# What the task asks
Dropping every picture, set down exactly the lines in the entries below, starting with the line with "Kyle Symons (@livedirtupdates)" and going on through the line with "しぼの強いちりめん地に、細や".

# Data supplied
*** Begin section ***

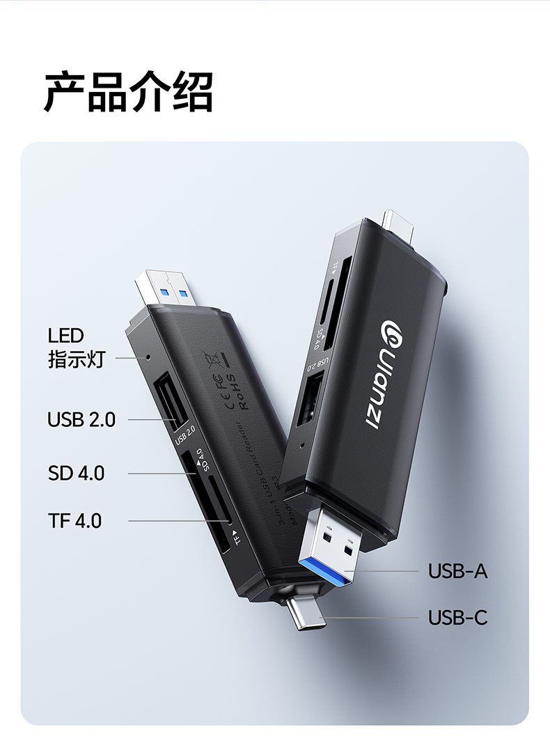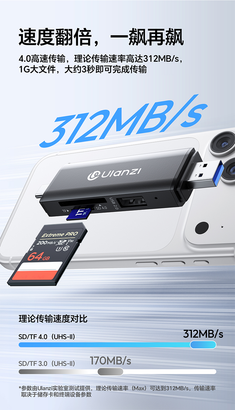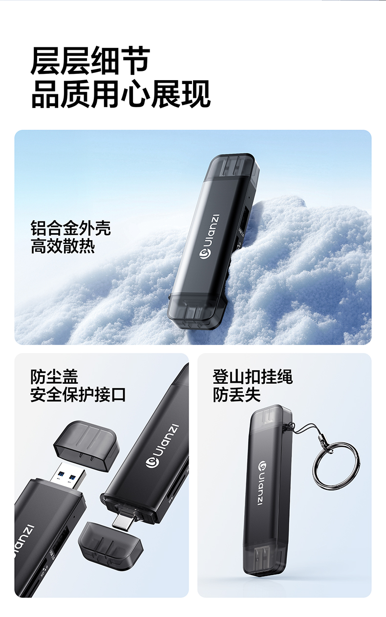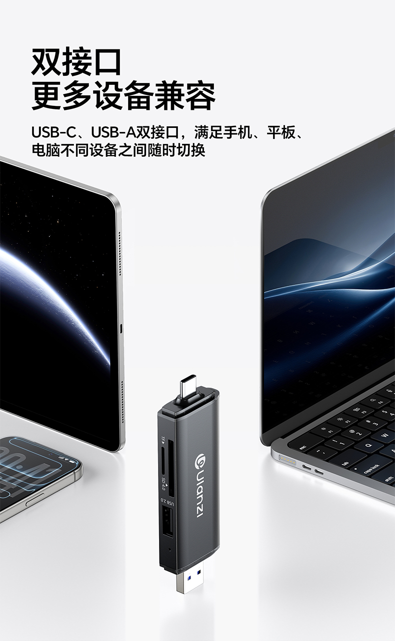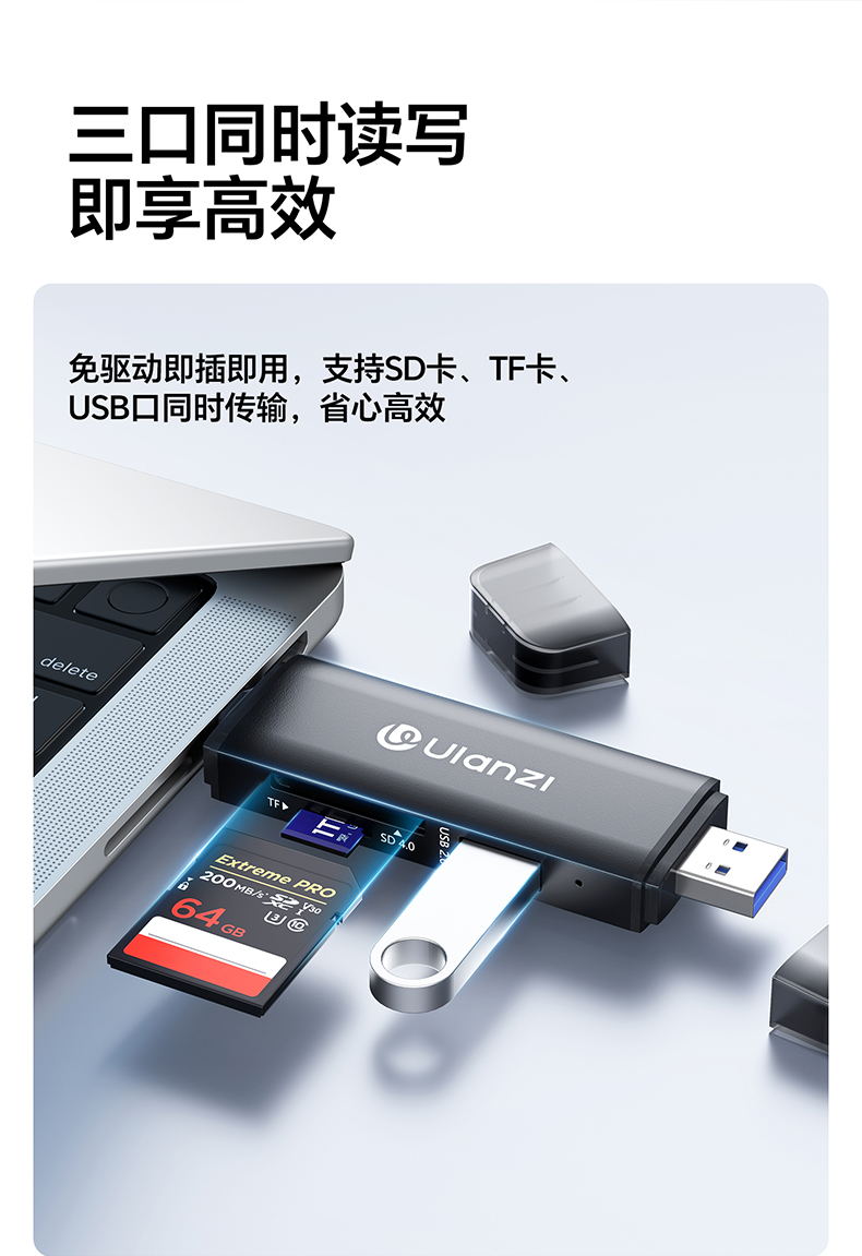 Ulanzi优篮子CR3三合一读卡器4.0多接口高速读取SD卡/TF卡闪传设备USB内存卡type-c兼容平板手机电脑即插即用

*** End section ***
*** Begin section ***

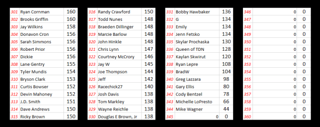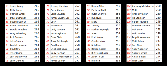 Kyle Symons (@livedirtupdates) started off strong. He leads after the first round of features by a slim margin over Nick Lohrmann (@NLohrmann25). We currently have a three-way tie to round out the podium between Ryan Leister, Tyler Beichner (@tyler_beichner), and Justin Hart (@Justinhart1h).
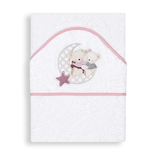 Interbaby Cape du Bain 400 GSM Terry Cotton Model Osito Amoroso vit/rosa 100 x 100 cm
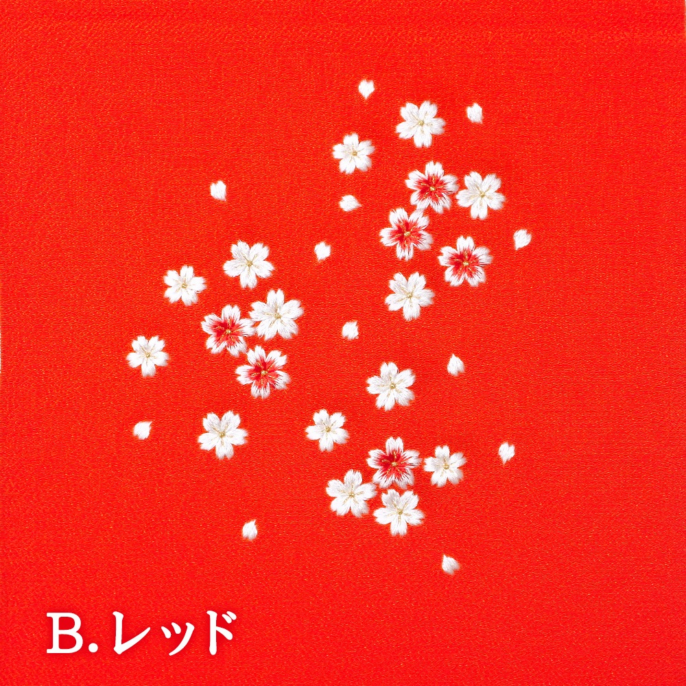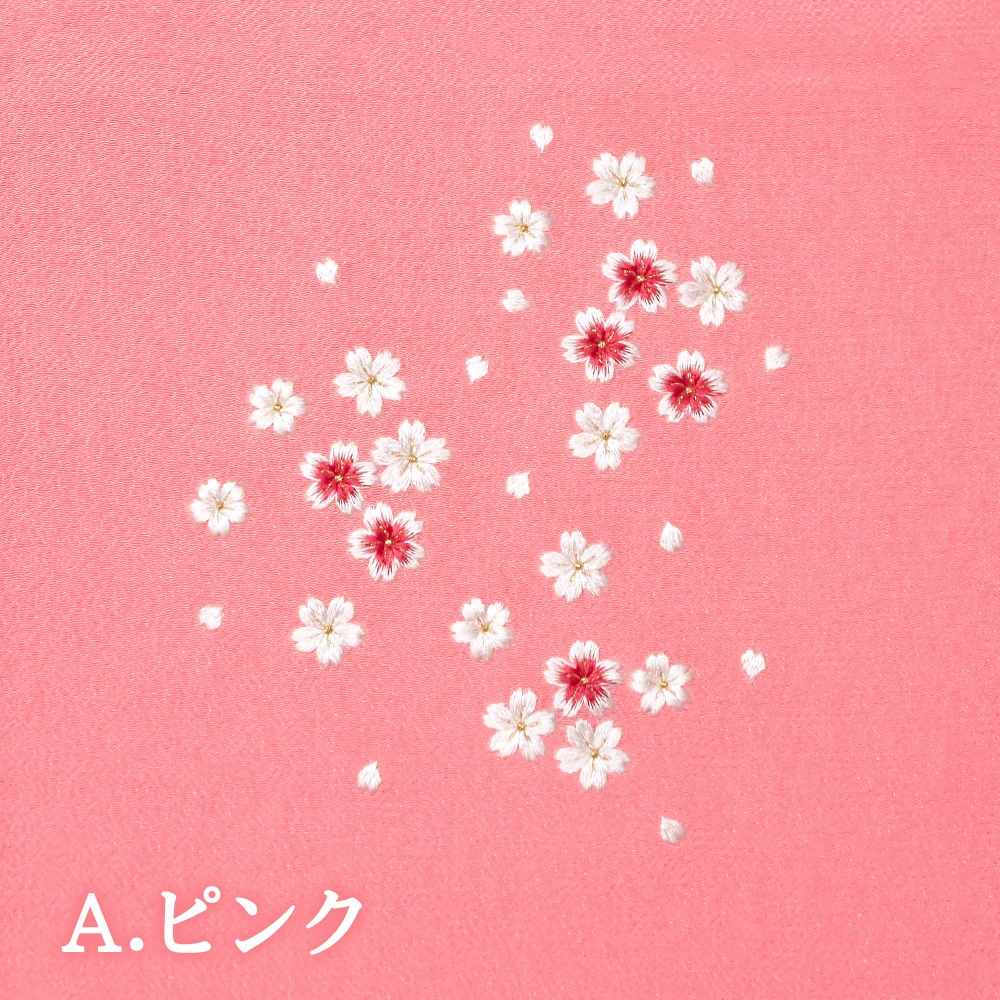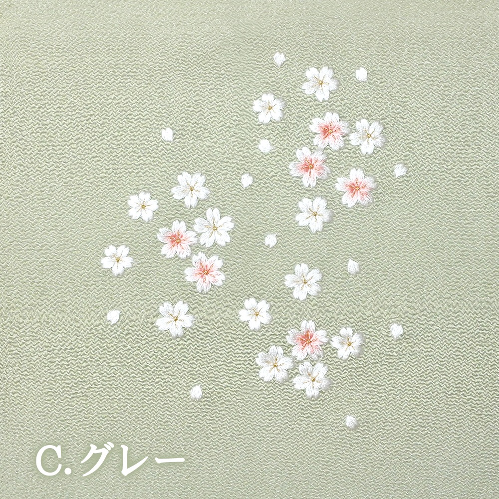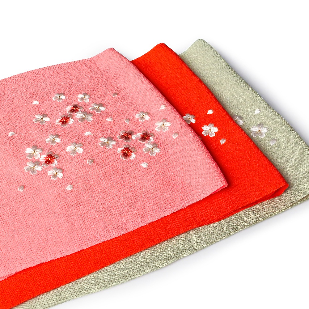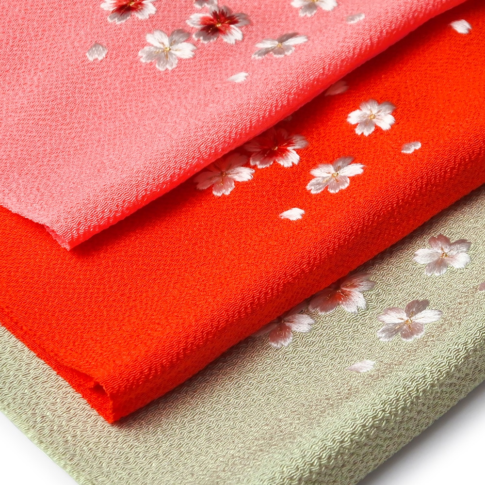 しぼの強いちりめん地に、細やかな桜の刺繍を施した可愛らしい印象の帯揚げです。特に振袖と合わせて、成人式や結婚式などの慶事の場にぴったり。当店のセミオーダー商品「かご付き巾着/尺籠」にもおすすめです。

*** End section ***
*** Begin section ***

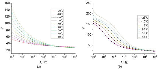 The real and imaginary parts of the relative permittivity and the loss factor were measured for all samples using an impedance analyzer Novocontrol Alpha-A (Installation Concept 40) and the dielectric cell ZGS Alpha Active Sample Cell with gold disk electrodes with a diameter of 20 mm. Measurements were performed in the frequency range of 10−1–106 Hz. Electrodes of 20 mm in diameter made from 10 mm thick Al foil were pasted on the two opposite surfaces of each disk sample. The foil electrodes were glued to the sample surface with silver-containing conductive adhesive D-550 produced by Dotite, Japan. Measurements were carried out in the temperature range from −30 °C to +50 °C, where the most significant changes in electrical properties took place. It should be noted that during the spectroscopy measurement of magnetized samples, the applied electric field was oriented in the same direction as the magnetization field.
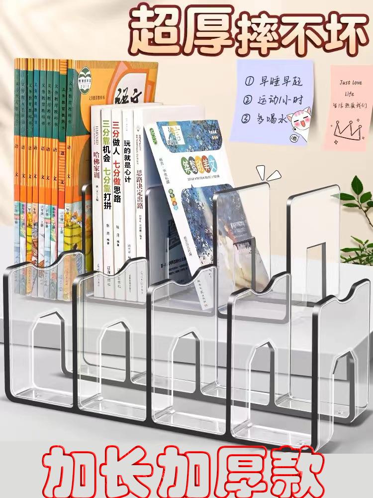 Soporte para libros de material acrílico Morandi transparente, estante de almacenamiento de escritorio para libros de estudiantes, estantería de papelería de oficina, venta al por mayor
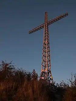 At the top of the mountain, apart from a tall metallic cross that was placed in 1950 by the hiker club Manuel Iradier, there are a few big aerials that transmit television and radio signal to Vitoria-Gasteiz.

*** End section ***

# Answer to this problem
 Kyle Symons (@livedirtupdates) started off strong. He leads after the first round of features by a slim margin over Nick Lohrmann (@NLohrmann25). We currently have a three-way tie to round out the podium between Ryan Leister, Tyler Beichner (@tyler_beichner), and Justin Hart (@Justinhart1h).
 Interbaby Cape du Bain 400 GSM Terry Cotton Model Osito Amoroso vit/rosa 100 x 100 cm
 しぼの強いちりめん地に、細やかな桜の刺繍を施した可愛らしい印象の帯揚げです。特に振袖と合わせて、成人式や結婚式などの慶事の場にぴったり。当店のセミオーダー商品「かご付き巾着/尺籠」にもおすすめです。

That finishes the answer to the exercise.